▶ [The data]
===============
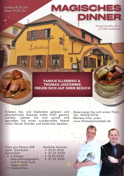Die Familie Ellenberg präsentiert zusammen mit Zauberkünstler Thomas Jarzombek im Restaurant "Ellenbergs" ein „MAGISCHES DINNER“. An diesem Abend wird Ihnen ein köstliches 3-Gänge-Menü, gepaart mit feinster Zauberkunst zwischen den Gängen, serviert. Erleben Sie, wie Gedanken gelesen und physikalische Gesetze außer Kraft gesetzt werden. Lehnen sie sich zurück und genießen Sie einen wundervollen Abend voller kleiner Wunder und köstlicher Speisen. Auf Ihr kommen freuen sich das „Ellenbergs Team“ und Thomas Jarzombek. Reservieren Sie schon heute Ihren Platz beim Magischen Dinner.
===============
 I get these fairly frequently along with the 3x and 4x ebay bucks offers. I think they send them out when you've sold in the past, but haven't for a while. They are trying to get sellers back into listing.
===============
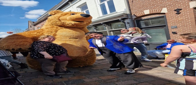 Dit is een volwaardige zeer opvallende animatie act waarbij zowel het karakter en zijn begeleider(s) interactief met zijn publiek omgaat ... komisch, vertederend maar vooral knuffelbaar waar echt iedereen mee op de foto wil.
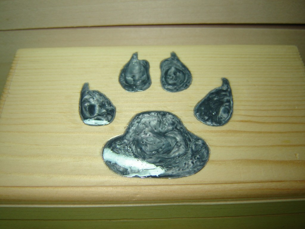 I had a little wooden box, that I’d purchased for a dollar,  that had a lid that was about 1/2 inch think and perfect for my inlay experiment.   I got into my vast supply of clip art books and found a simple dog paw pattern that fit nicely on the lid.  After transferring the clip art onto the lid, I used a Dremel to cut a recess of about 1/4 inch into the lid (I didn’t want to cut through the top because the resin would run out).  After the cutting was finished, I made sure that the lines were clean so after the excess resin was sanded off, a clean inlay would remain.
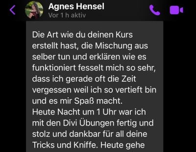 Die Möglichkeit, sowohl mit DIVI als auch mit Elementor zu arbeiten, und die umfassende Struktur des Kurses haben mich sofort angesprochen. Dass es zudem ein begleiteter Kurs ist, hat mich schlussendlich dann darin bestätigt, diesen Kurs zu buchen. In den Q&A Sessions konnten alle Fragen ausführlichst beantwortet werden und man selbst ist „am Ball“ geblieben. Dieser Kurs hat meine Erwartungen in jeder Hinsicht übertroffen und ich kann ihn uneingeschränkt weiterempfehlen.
===============
▶ [Exercise] Going by the data above, give back only the lines from the one containing "I had a little" through the one containing "Die Möglichkeit, sowohl", exactly as they stand, both ends included and no images.

▶ [Answer below]
 I had a little wooden box, that I’d purchased for a dollar,  that had a lid that was about 1/2 inch think and perfect for my inlay experiment.   I got into my vast supply of clip art books and found a simple dog paw pattern that fit nicely on the lid.  After transferring the clip art onto the lid, I used a Dremel to cut a recess of about 1/4 inch into the lid (I didn’t want to cut through the top because the resin would run out).  After the cutting was finished, I made sure that the lines were clean so after the excess resin was sanded off, a clean inlay would remain.
 Die Möglichkeit, sowohl mit DIVI als auch mit Elementor zu arbeiten, und die umfassende Struktur des Kurses haben mich sofort angesprochen. Dass es zudem ein begleiteter Kurs ist, hat mich schlussendlich dann darin bestätigt, diesen Kurs zu buchen. In den Q&A Sessions konnten alle Fragen ausführlichst beantwortet werden und man selbst ist „am Ball“ geblieben. Dieser Kurs hat meine Erwartungen in jeder Hinsicht übertroffen und ich kann ihn uneingeschränkt weiterempfehlen.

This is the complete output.